Esquema de comando (descritivo):
L (fase) ────┬──── F1 ──── KM1.A1 ── (no fim da linha)
│
├──── KM1.aux1 (NO) ──┐ (auto-retenção)
│ │
├──── S1 (NO) ─────────┤
│ │
└──── S0 (NC) ─────────┤
│
KM1.A1 │
│
F_t.NC (relé térmico)
│
KM1.A2 ── N
Sinalização:
L ──── KM1.aux2(NO) ── H1 (verde) ── N (acende quando motor funciona)
L ──── F_t.NO ── H2 (vermelho) ── N (acende se relé térmico dispara)
Esquema de potência:
L1 ──┬── QF1 ── KM1.1 ── F_t.1 ── M (U)
L2 ──┼── QF1 ── KM1.2 ── F_t.2 ── M (V) Motor 3F
L3 ──┴── QF1 ── KM1.3 ── F_t.3 ── M (W)
│
PE
Funcionamento:
- Estado inicial: nada ligado.
- Premir S1 (start verde): corrente passa por S0 (NC fechado) + S1 (NO premido) + KM1.A1 + F_t.NC + KM1.A2 = bobina activa → KM1 fecha.
- KM1 fecha os 3 contactos de potência → motor arranca. Também fecha KM1.aux1 (NO) → auto-retenção (já não preciso manter S1 premido).
- Solta S1: KM1.aux1 mantém alimentação à bobina. Motor continua.
- Lâmpada verde H1 acende (KM1.aux2 NO fechado).
- Premir S0 (paragem): corta a alimentação à bobina → KM1 abre → motor para. H1 apaga.

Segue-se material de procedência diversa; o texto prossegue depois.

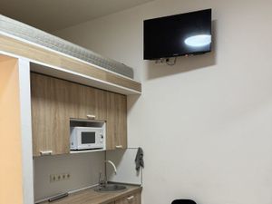 Сдается уютная студия в шикарной локации. в студии все новое и есть все для вашего комфортного проживания. Кухонная зона оборудована варочной панелью, микроволновкой, чайником, так же имеется большой холодильник.

- Se sobrecarga: F_t (térmico) dispara — F_t.NC abre na bobina → KM1 para. F_t.NO fecha → H2 (vermelho) acende. Operador deve resetar F_t e investigar antes de tentar arrancar.
Possíveis melhorias: - Adicionar horímetro (contador de horas de funcionamento) em série com H1. - Adicionar sinalização externa ao quadro (lâmpada visível à distância). - Adicionar buzina para alarme térmico. - Adicionar modo manual/automático com selector e entrada do PLC.